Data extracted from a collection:

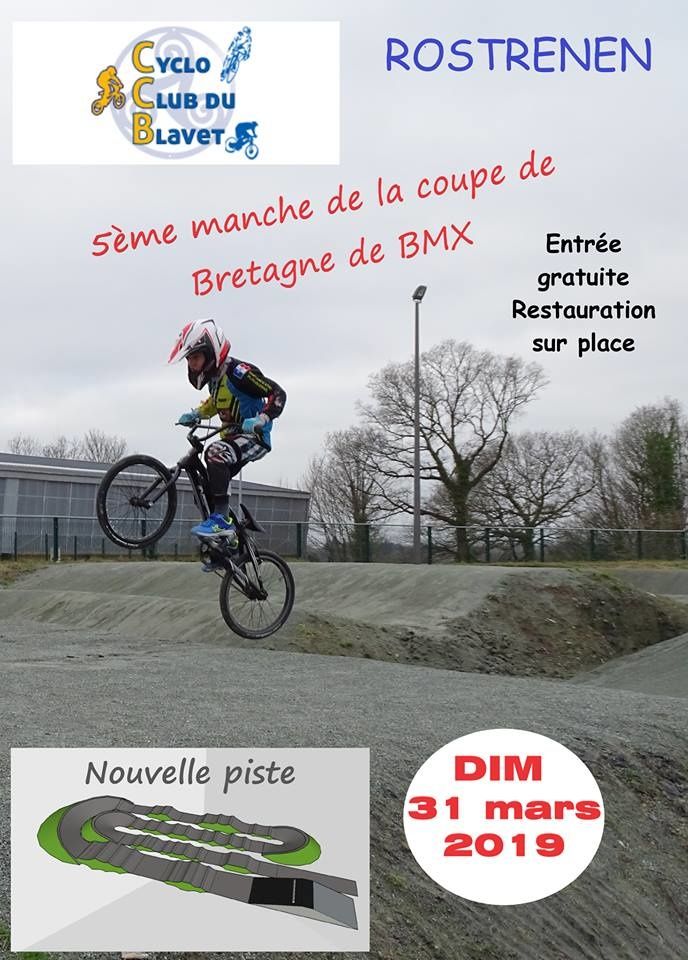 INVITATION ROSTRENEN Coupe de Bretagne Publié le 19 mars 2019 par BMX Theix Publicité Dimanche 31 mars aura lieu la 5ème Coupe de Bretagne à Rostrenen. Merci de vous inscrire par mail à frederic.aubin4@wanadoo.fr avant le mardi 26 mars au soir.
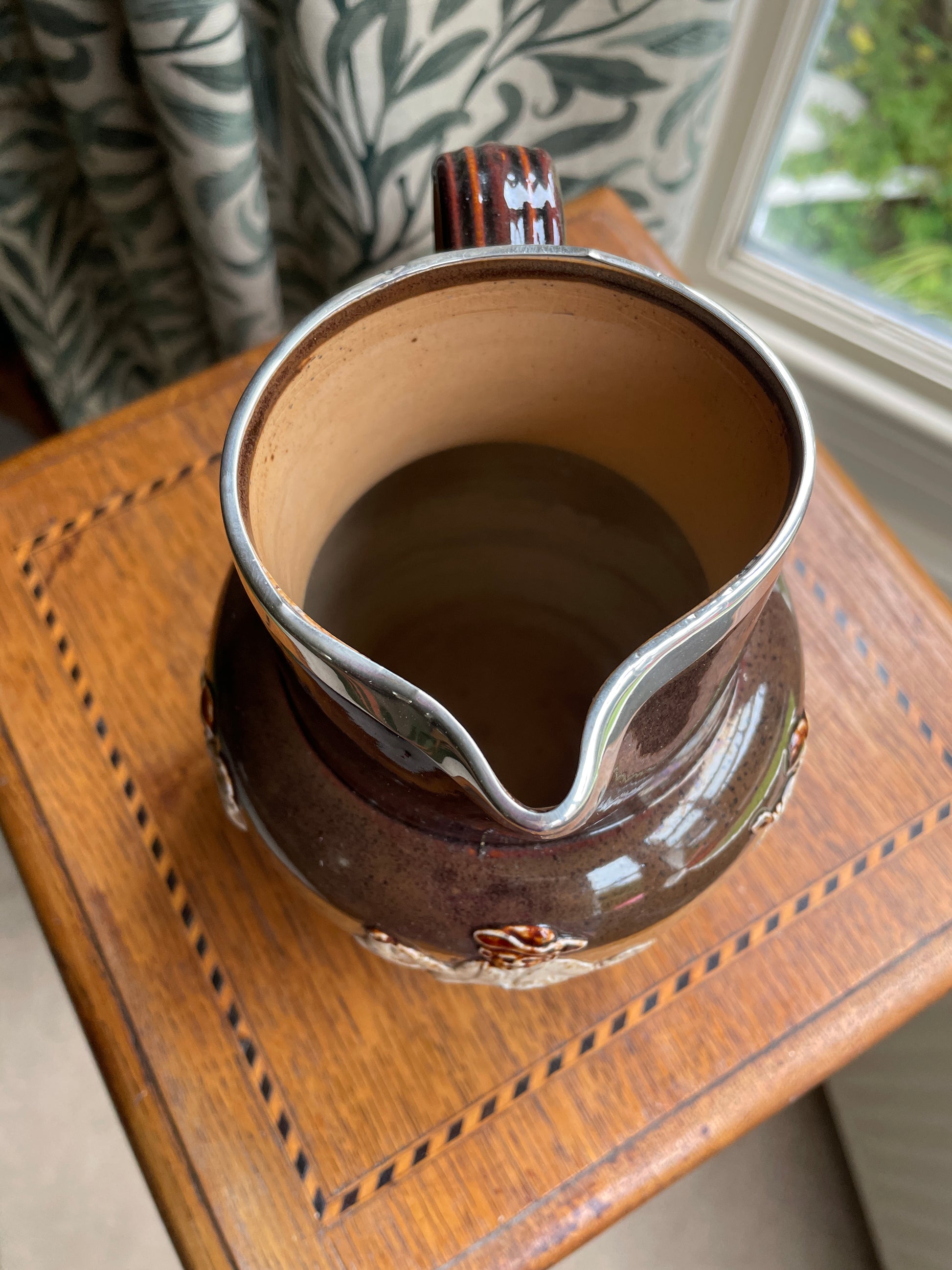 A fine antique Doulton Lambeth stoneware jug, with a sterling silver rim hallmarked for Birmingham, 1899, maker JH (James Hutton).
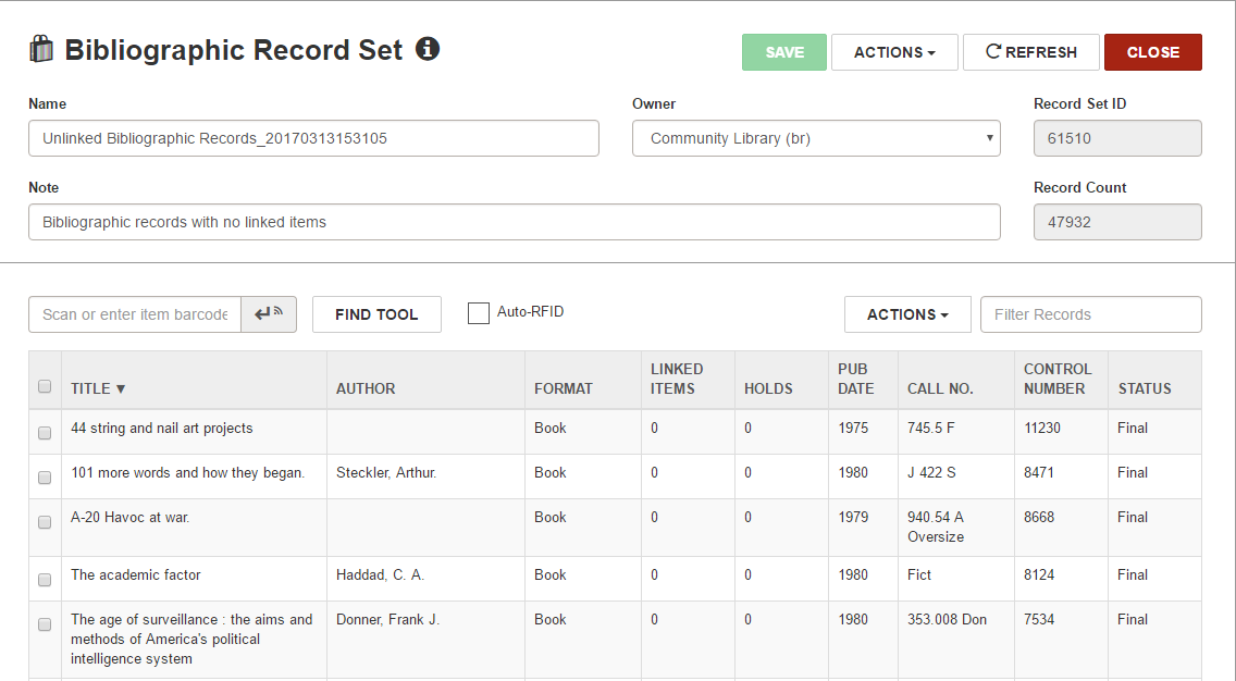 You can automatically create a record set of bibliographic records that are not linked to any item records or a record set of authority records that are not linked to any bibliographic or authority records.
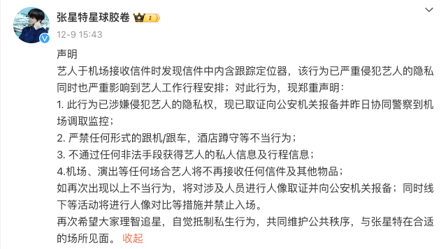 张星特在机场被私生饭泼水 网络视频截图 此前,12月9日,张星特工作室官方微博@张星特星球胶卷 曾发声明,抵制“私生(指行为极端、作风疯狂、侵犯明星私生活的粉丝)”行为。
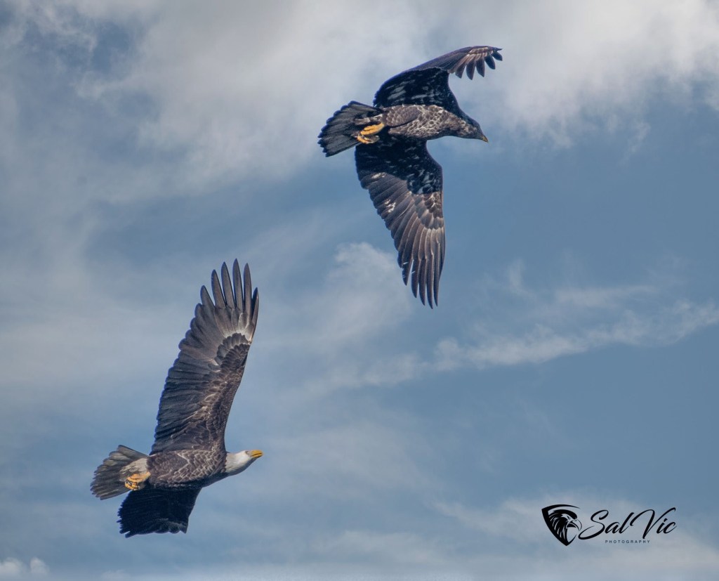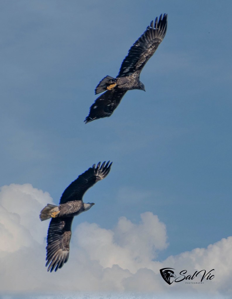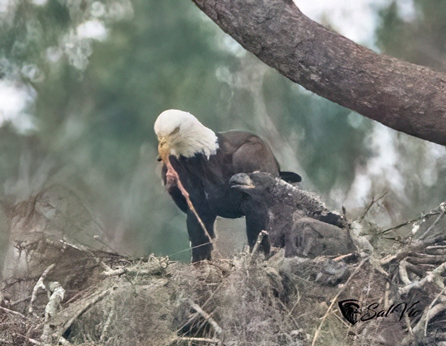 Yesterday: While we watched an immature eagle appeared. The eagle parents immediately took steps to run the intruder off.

# What the task asks
Only the lines from the one with "You can automatically" through the last line above belong in the answer. Reproduce them exactly, without the pictures.

# Reply to the exercise
 You can automatically create a record set of bibliographic records that are not linked to any item records or a record set of authority records that are not linked to any bibliographic or authority records.
 张星特在机场被私生饭泼水 网络视频截图 此前,12月9日,张星特工作室官方微博@张星特星球胶卷 曾发声明,抵制“私生(指行为极端、作风疯狂、侵犯明星私生活的粉丝)”行为。
 Yesterday: While we watched an immature eagle appeared. The eagle parents immediately took steps to run the intruder off.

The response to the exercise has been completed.